Vince Sheehan

Personal information
- Full name: Vince Sheehan
- Born: 5 December 1896 Redfern, New South Wales, Australia
- Died: 23 May 1926 (aged 29)

Playing information
- Position: Wing, Centre
Club
| Years | Team | Pld | T | G | FG | P |
| 1917–22 | South Sydney | 43 | 22 | 0 | 0 | 66 |
Representative
| Years | Team | Pld | T | G | FG | P |
| 1919 | New South Wales | 1 | 2 | 0 | 0 | 6 |
- Source:

= Vince Sheehan (rugby league, South Sydney) =

Australian rugby league footballer

Vince Sheehan (5 December 1896 –23 May 1926) was an Australian rugby league footballer who played in the 1910s and 1920s. He played for South Sydney in the New South Wales Rugby League (NSWRL) competition.

==Playing career==
Sheehan made his first grade debut for South Sydney in round 9 of the 1917 season against Annandale at Wentworth Park.

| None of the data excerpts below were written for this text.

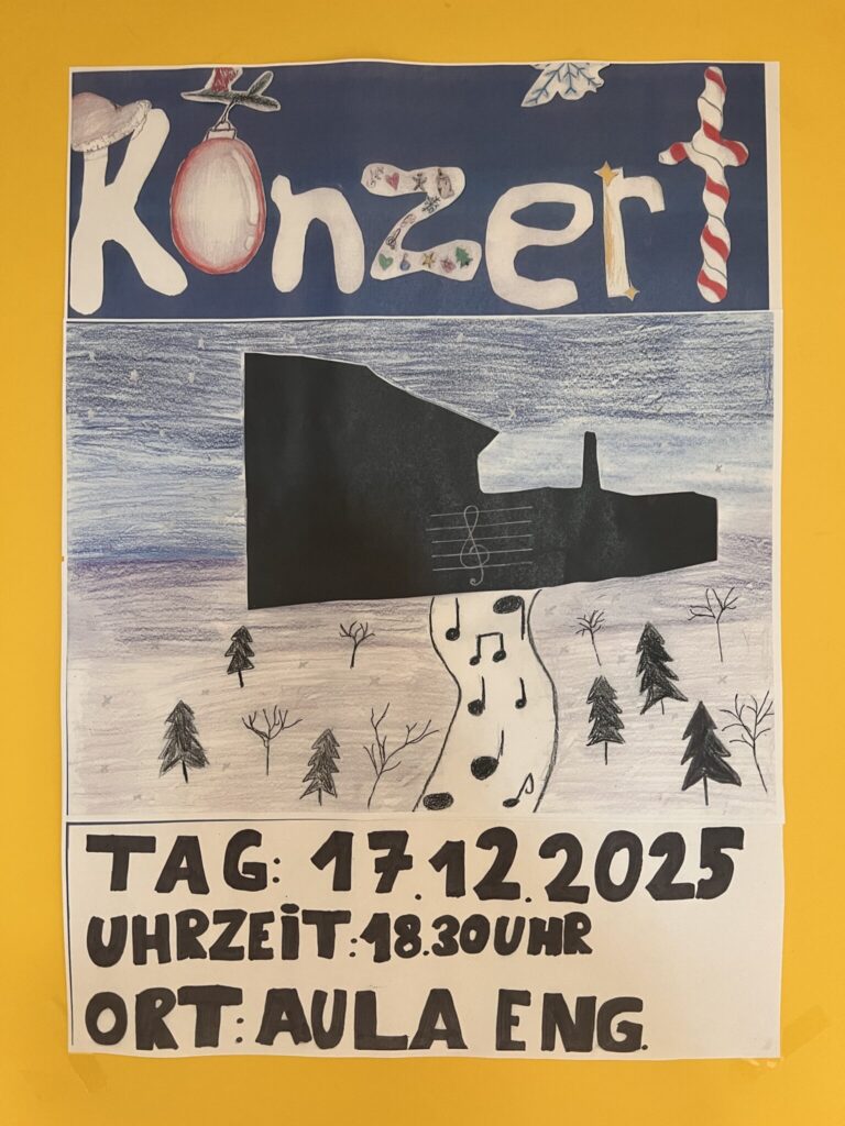 Unterstützung gab es von der Fachschaft Kunst, die wunderbare Plakate zum Weihnachtskonzert entwarf – herzlichen Dank dafür!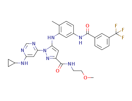 1-(6-cyclopropylaminopyrimidin-4-yl)-5-(2-methyl-5-(3-trifluoromethylbenzoylamino)phenylamino)-1H-pyrazole-3-carboxylic acid (2-methoxyethyl)amide(1018468-33-1)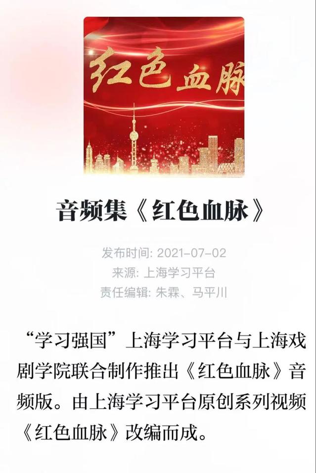 77779193永利播音与主持专业师生,历时3个多月的精心打磨,6月30日音频集《红色血脉》在“学习强国”上海学习平台正式上线。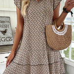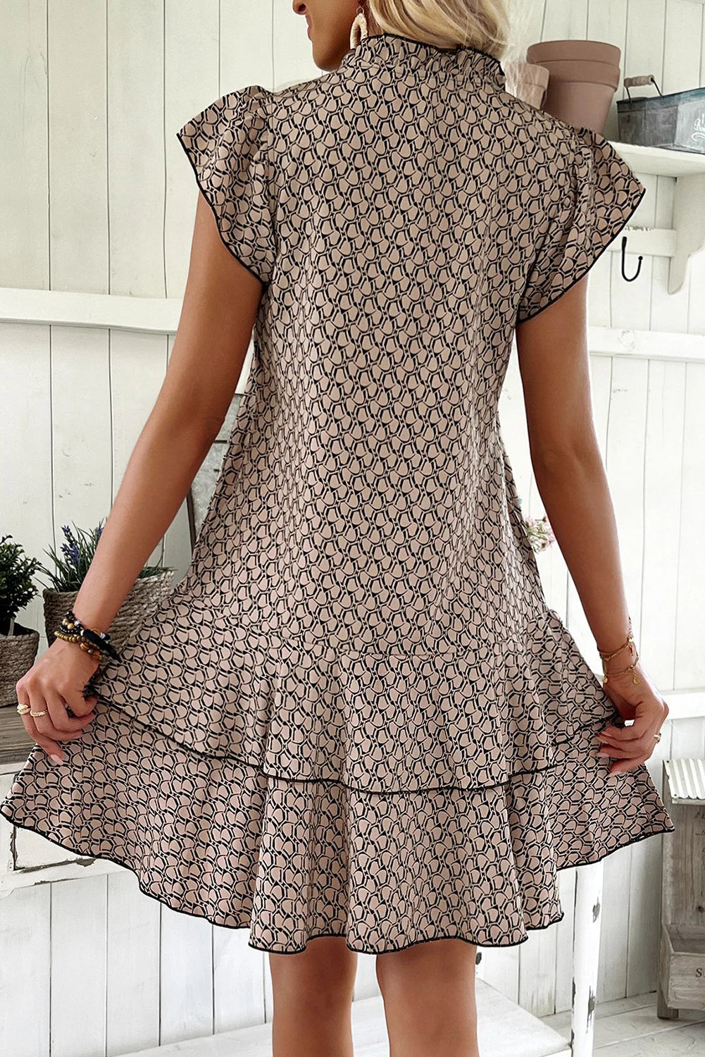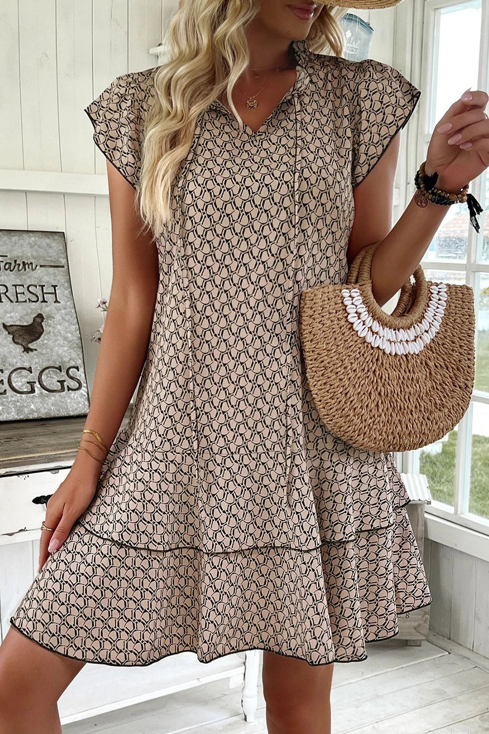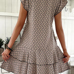 Embrace effortless charm with this playful khaki mini dress featuring an all-over print and flounce sleeves that add a fun, flirty touch. The ruffle detail and short sleeve V-neck design create a breezy, boho vibe perfect for sunny days and spontaneous adventures.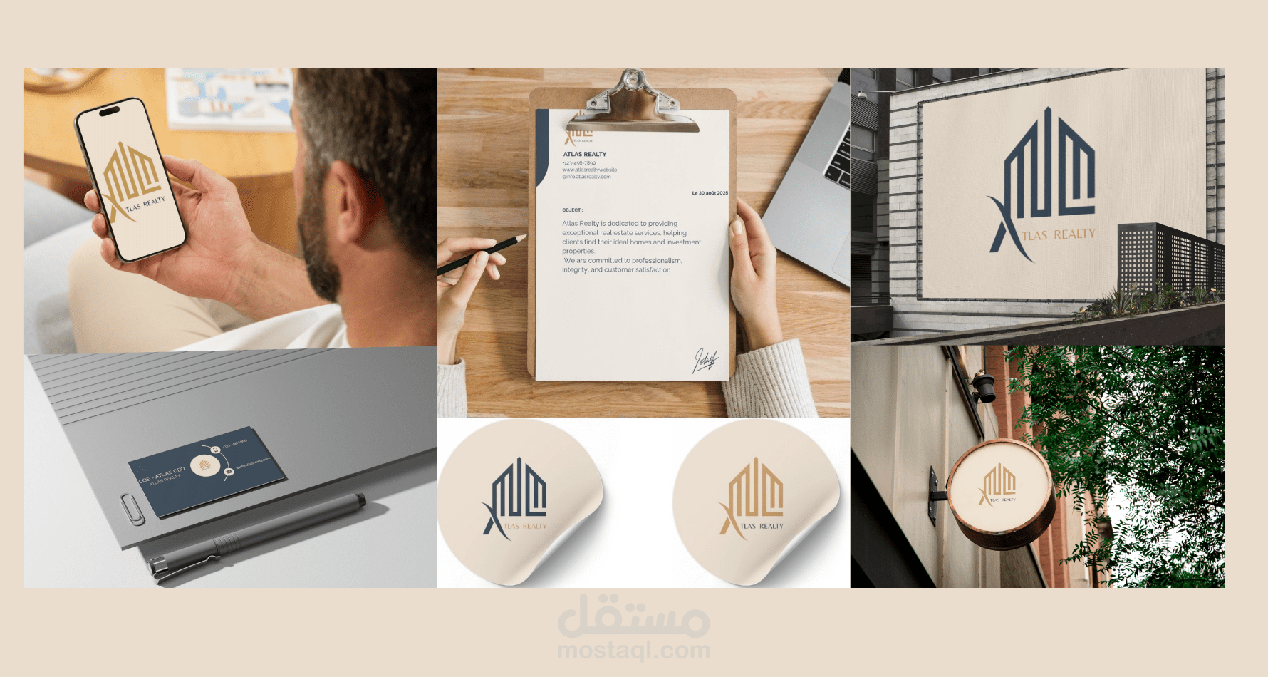 تم تصميم هوية بصرية كاملة لمشروع عقاري فاخر باسم Atlas Realty، تهدف إلى تجسيد الثقة، الاحترافية، والاستقرار في سوق العقارات. تتضمن الهوية: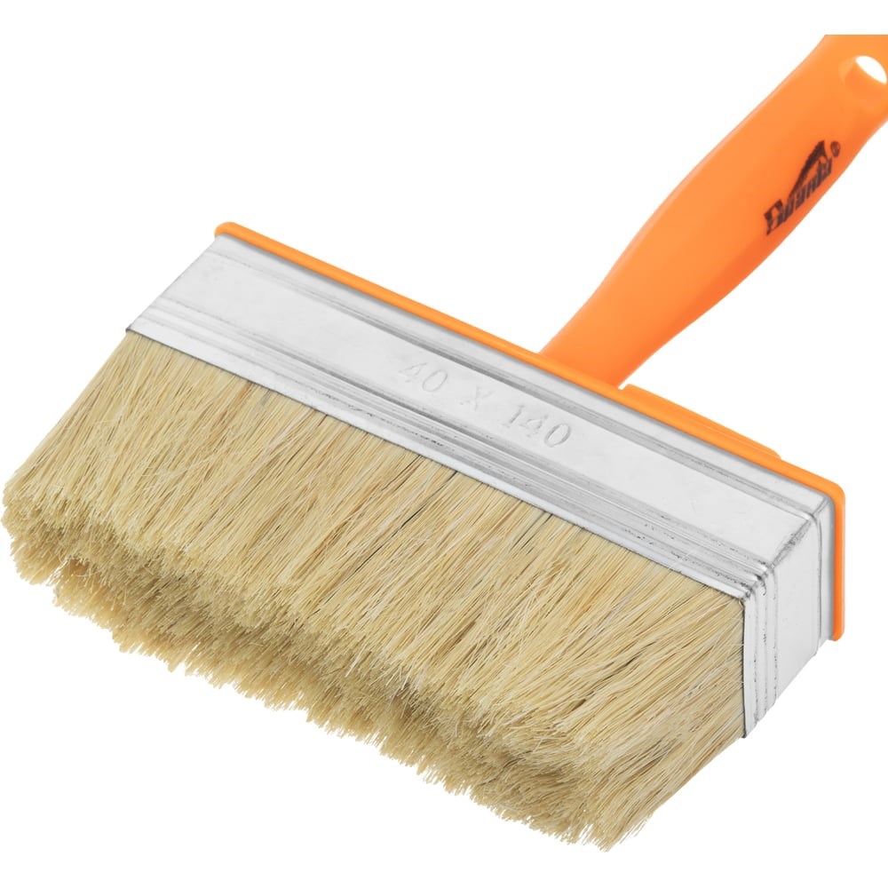 Кисть-ракля Sparta 841069 толщиной 40 мм и шириной 140 мм, с натуральной щетиной, пластмассовыми корпусом и ручкой, используется для малярных работ на участках большой площади, поэтому удобна для обработки стен, потолков и фасадов. Натуральная щетина устойчива к химическому воздействию, поэтому не деформируется и сохраняет упругость при работе с ЛКМ на водной основе, грунтовками, масляными красками и клеящими составами.ПреимуществаДолговечность — щетина обладает высокой износостойкостью, металлический бандаж защищен от ржавчины антикоррозийным покрытием.Высокое качество окрашивания — кисть равномерно распределяет краску по поверхности.Низкий расход ЛКМ — натуральная щетина двойной выварки с расщепленными щетинками способна удерживать и отдавать большой объем краски.Эргономичность — утолщенная рукоятка обеспечивает удобный захват и позволяет долго работать без усталости.Продуманная конструкция — во время перерыва в работе кисть можно закрепить на краю емкости с краской.Удобное хранение — отверстие в рукоятке позволяет подвешивать кисть на крючок или гвоздь.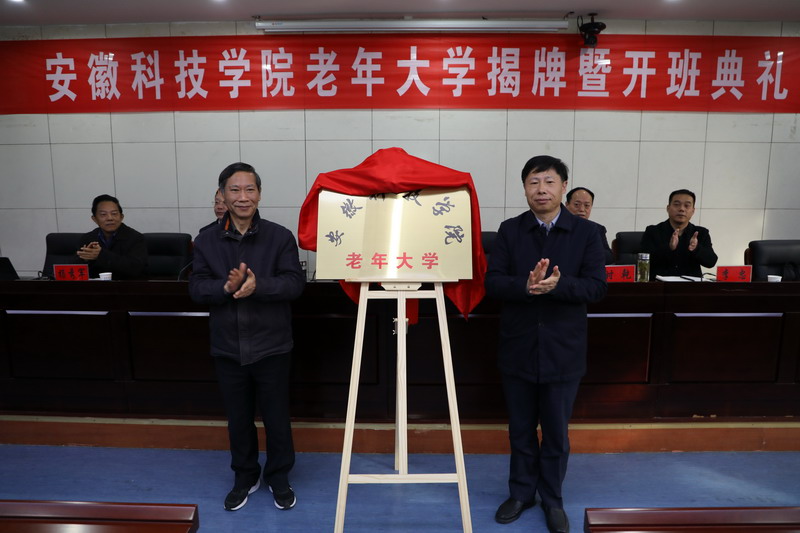 在热烈的掌声中,时伟和李震共同为学校老年大学揭牌,这标志着我校老龄事业进入了专业化、规模化发展的新阶段。

In 1918, Sheehan played eight games and scored five tries as South Sydney won the premiership that year. In 1919, he was selected to play for New South Wales and made one appearance where he scored two tries against Queensland. He was selected for New South Wales to tour New Zealand but broke his collar bone on the eve of the trip.

Sheehan retired following the conclusion of the 1922 season.

He died in 1926 aged 29 after contacting pneumonia after a short illnes.